Diableries augmentées | Révélations Méliès

Diableries augmentées | Révélations Méliès

Collaboration Petermfriess, Olivier Guyaux et Dan Zhu

Diableries augmentées est une œuvre où les visions stéréoscopiques de Georges Méliès sont réinterprétées par une approche artistique contemporaine. Ces cartes du XIXe siècle, avec leurs squelettes dansants, leurs diables satiriques et leurs mondes souterrains en décomposition, présentent la mort non pas comme une finalité, mais comme un portail. C'est un théâtre symbolique où le voile entre visible et invisible s'amincit et offre un passage vers des dimensions cachées. Collection Fonds Alain Roch

Les Diableries de Méliès , nées d'une époque marquée par les renouveaux de l'occultisme, la théosophie et l'imaginaire, sont appréhendées à travers les nouvelles perspectives de l'intelligence artificielle. Celle-ci agit à la fois comme médium et alchimiste, devinant des motifs dans l'ombre, découvrant des traces inconscientes, animant ce qui était immobile. À l'instar des séances du XIXe siècle, où l'ectoplasme et les photographies manipulées devenaient des vecteurs de contact avec les esprits, les algorithmes d'aujourd'hui évoquent des figures archétypales : la foule squelettique, le filou grotesque, le diable présidant un théâtre infernal.

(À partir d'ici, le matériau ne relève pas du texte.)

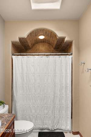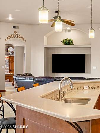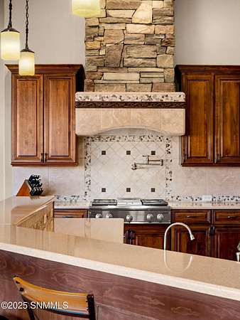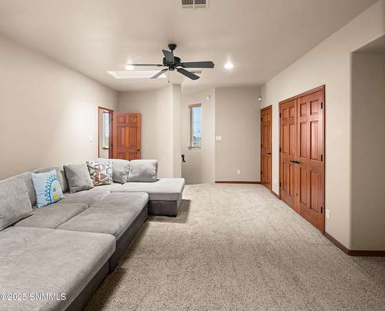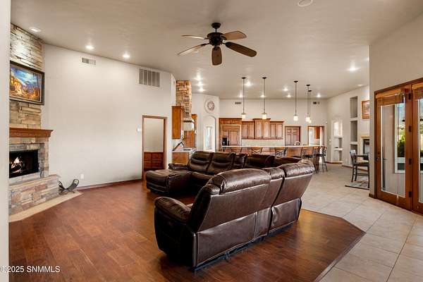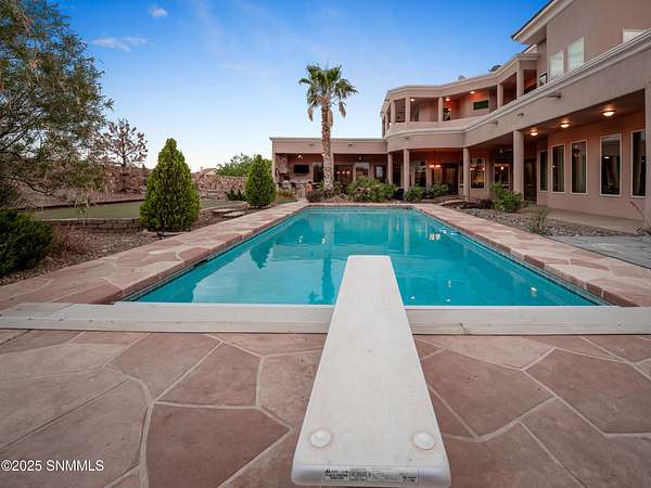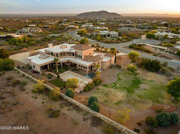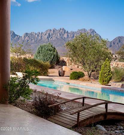 Luxury at its finest in the prestigious Desert Mirage Subdivision! At first step you are greeted with the soaring ceilings of the welcoming Foyer, Striking Staircase with Catwalk, Formal Living Room and Dining Room. The ceiling draws your eye up to the celestial wall of windows that frames the beautiful backyard and Organ Mountain Views. This beautiful home boosts 5,704 sq ft, 5 generous bedrooms, 4.5 bathrooms, Office, Movie Theater, & Game Room all on 2 acres of land. The primary suite is conveniently located on the primary floor & offers high ceilings and a luxurious spa type ensuite bathroom with steam shower and 6 person dry sauna. Main living area offers an open floor plan. The backyard is your own oasis that offers beautiful views of the Organ Mountains an outdoor kitchen, multiple lounging areas, putting green, large grass area, hot tub & a 35,000 gallon pool that includes a automatic pool cover and diving board into a 9ft deep area. Don't miss your opportunity to own your very own paradise!
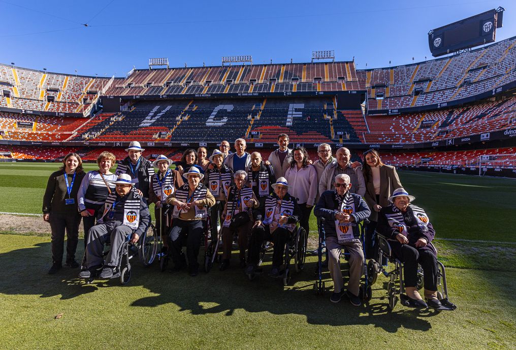 La Asociación Futbolistas del Valencia CF pone fin a los Talleres de Reminiscencia visitando el centenario estadio de Mestalla
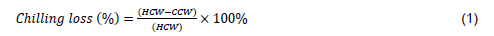 On the evening of day 42, six birds per pen (three males: three females) were fasted for 12 h (18:00 to 06:00) but provided with clean drinking water ad libitum. Next morning after group-weighing per pen to obtain the final live (slaughter) weights, birds were transported to Rooigrond poultry abattoir, ~30 km from the NWU experimental site. An hour after arrival at the abattoir, they were sacrificed humanely by cervical dislocation after electrical stunning (70 volts). The jugular vein was cut with a sharp knife at the base of the throat and allowed to bleed for 5 min. Following thorough bleeding, feathers were un-plucked, and the carcasses washed. The heads, necks, and feet were removed. Visceral organs were also removed by hand through an opening from the vent to the sternum and weighed individually. Hot carcass weight (HCW) was recorded immediately after slaughter at the abattoir, whereas cold carcass weight (CCW) was recorded 24 h post chilling (4 °C). Subsequently, chilling loss was calculated and expressed as a percentage using the formula:
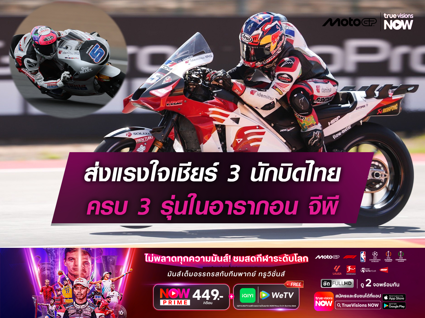 ส่งแรงใจเชียร์ 3 นักบิดชาวไทยใน “กรังด์ปรีซ์” ออฟ อารากอน” เริ่มด้วย “ก๊องส์ ธัชกร” และ “ชิพ นครินทร์” บิดที่ “ก้อง สมเกียรติ” ติดตามถ่ายทอดสดส่งตรงจากประเทศสเปน ครบจบทุกรุ่น

Après que le stéréoscope ait révélé une troisième dimension cachée, invisible à l'œil nu, l'IA restitue de nouvelles dimensions à partir des archives. Cette résonance spatiale rappelle les interférences d'un espace visuel, où les rayons lumineux vibrent ensemble. Ce que la stéréoscopie accomplit optiquement, l'IA le prolonge informatiquement : elle fait émerger des relations invisibles, évoque des géométries latentes et génère de nouveaux accords perceptifs. Chaque Diablerie devient fluide et vivante, accompagnée de paysages sonores à la vitalité mystérieuse. De soudaines éruptions visuelles évoquent la mutabilité des voix spirituelles, comme si les archives elles-mêmes étaient possédées par quelque chose au-delà de la somme de leurs fragments.

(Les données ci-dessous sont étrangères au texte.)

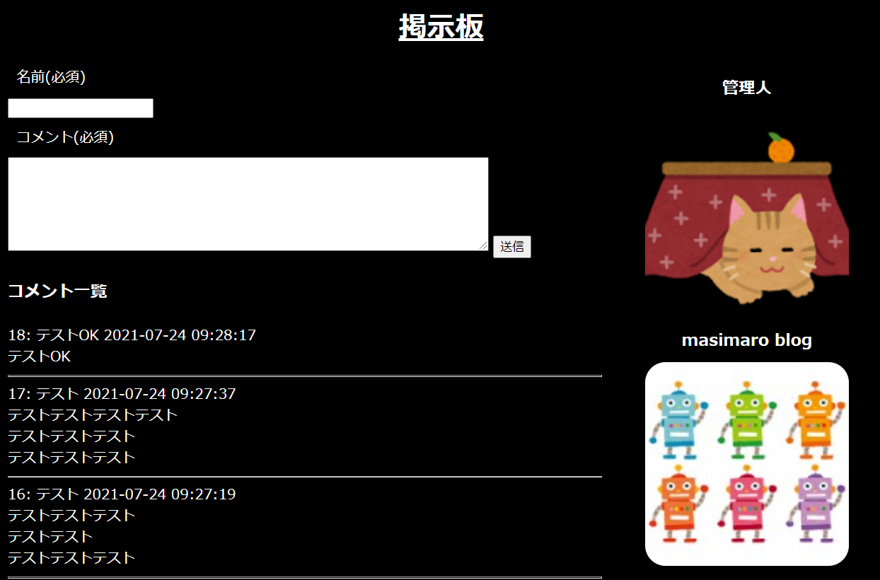 なお、無料サーバーにて完成した掲示板を公開しております。↓
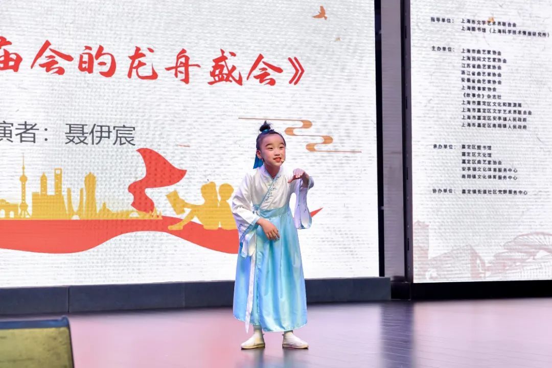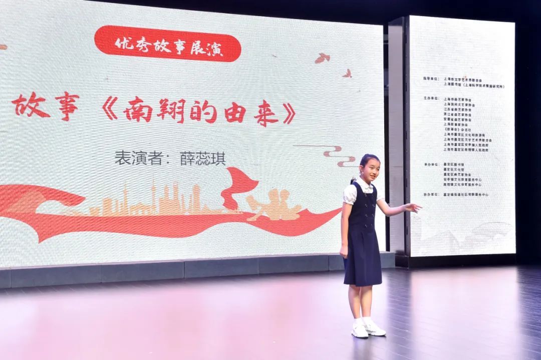 嘉定小囡薛蕊琪自幼学习讲故事,舞台经验丰富,此次参赛,她选择了入选第十一批嘉定区非物质文化遗产名录的“白鹤南翔传说”。“在一千五百多年前梁武帝立国的时候,南翔还只是一个山清水秀的小村庄……”扎实的台词功底、精准的节奏气息,薛蕊琪一亮相,便让台下观众眼前一亮。

Créée grâce à l'intelligence artificielle, l'œuvre examine chaque carte stéréoscopique à travers des lentilles et des oreilles artificielles, invitant la machine à révéler des motifs invisibles et des courants narratifs, puis à transformer les images fixes en paysages oniriques animés. L'expérience visuelle est accompagnée d'une bande sonore inspirée de La Voix des songes (1880) de Félix de Godefroid pour composer une extension organique qui entraîne le spectateur au cœur du labyrinthe des révélations infernales.

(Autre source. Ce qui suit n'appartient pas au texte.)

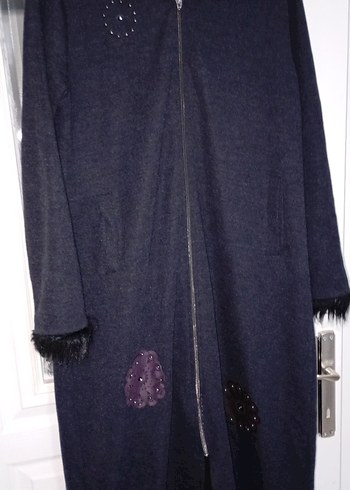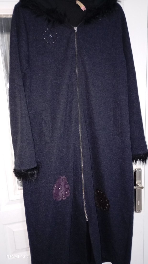 Uzun, siyah kadın kaban, bol kesim ve yumuşak, sıcak kumaştan. Uzun kollu, kürklü manşetler ve kesimli yakalı, rahat ve günlük kullanım için uygundur.
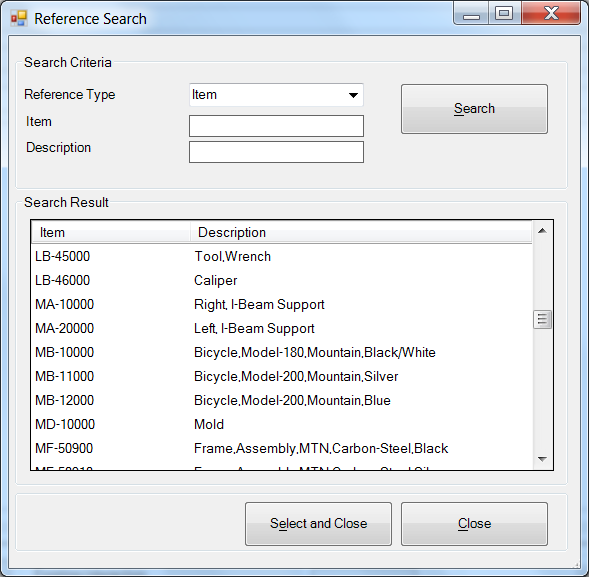 - Enter the appropriate search criteria then click to show the result. You can change the reference type from this window if you wish.

En ce sens, l'œuvre d'art Diableries augmentées s'appuie sur une généalogie des thanotechnologies – instruments servant de médiateurs entre les vivants et les morts. Contrairement à la plupart des répliques numériques actuelles d'individus (chatbots, hologrammes, jumeaux numériques), les hantises sont ici collectives, symboliques et allégoriques. Le théâtre infernal de Méliès vibre des échos de l'imagerie occulte, et Diableries augmentées devient un autre corps résonnant, amplifiant les archétypes et ravivant les strates de l'inconscient.

L'œuvre entre en résonance avec les notions contemporaines de vie post-mortem, où données, corps et images persistent au-delà de leurs limites temporelles. Il s'agit d'une double alchimie : celle de Méliès, d'abord, qui transmute la mort en spectacle et en satire ; puis celle algorithmique de l'IA, qui transmute l'immobilité en mouvement et le silence en résonance. Au fil du temps, la résonance elle-même se modifie : de même que les impressions sur coton argenté approfondissent leur timbre avec le temps, les modèles d'IA acquièrent de nouvelles patines au fil des ans. Technologies passées et présentes se répondent, produisant des harmoniques qu'aucune ne pourrait maintenir seule.

Pour le spectateur, l'expérience n'est pas passive. Chaque tableau est un seuil, un portail vers un écosystème d'ombres où les technologies du passé dialoguent avec celles du présent, où l'humour occulte rencontre la sorcellerie numérique. Regarder, c'est participer à une initiation : guidé à travers des architectures infernales, immergé dans une archéologie poétique des esprits cachés, et invité à considérer que les morts ne sont jamais silencieux, seulement des formes changeantes.

L'œuvre est exposée à la Tiny Gallery Bruxelles jusqu'au printemps 2026, parallèlement à la grande présentation Grand Art in Photography – Symbolism, Esotericism, Occultism (1860–1918) : Photography in the Art Nouveau Period réalisée en collaboration avec la Maison Hannon.